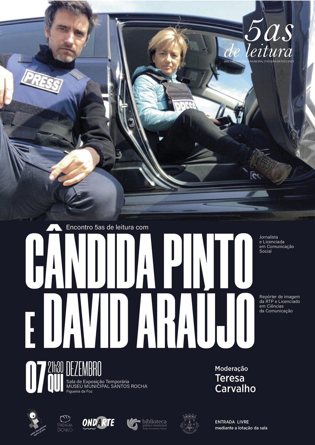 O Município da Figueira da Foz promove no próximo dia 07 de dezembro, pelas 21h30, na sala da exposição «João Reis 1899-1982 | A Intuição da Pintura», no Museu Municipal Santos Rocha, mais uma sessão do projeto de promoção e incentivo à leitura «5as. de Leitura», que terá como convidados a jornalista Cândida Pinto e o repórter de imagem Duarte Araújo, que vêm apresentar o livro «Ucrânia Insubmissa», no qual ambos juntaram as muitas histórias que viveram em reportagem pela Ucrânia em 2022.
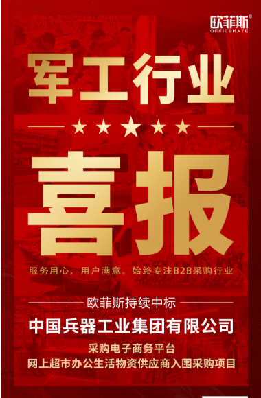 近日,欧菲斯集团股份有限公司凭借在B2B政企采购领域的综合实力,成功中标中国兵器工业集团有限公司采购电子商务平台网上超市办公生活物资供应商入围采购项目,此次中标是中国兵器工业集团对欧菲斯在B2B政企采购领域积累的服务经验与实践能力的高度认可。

******************************

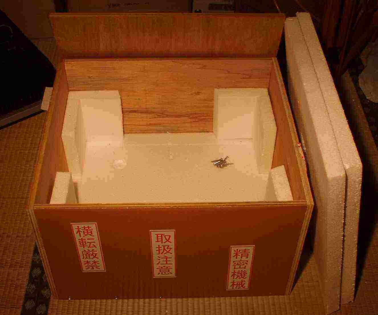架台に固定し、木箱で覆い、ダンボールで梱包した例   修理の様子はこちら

******************************

_Task directions_:
Above are the records; copy exactly the lines from the one with "O Município da" through the one with "近日,欧菲斯集团股份有限公司", including both, and nothing more. Leave out pictures.

_Response area_:
 O Município da Figueira da Foz promove no próximo dia 07 de dezembro, pelas 21h30, na sala da exposição «João Reis 1899-1982 | A Intuição da Pintura», no Museu Municipal Santos Rocha, mais uma sessão do projeto de promoção e incentivo à leitura «5as. de Leitura», que terá como convidados a jornalista Cândida Pinto e o repórter de imagem Duarte Araújo, que vêm apresentar o livro «Ucrânia Insubmissa», no qual ambos juntaram as muitas histórias que viveram em reportagem pela Ucrânia em 2022.
 近日,欧菲斯集团股份有限公司凭借在B2B政企采购领域的综合实力,成功中标中国兵器工业集团有限公司采购电子商务平台网上超市办公生活物资供应商入围采购项目,此次中标是中国兵器工业集团对欧菲斯在B2B政企采购领域积累的服务经验与实践能力的高度认可。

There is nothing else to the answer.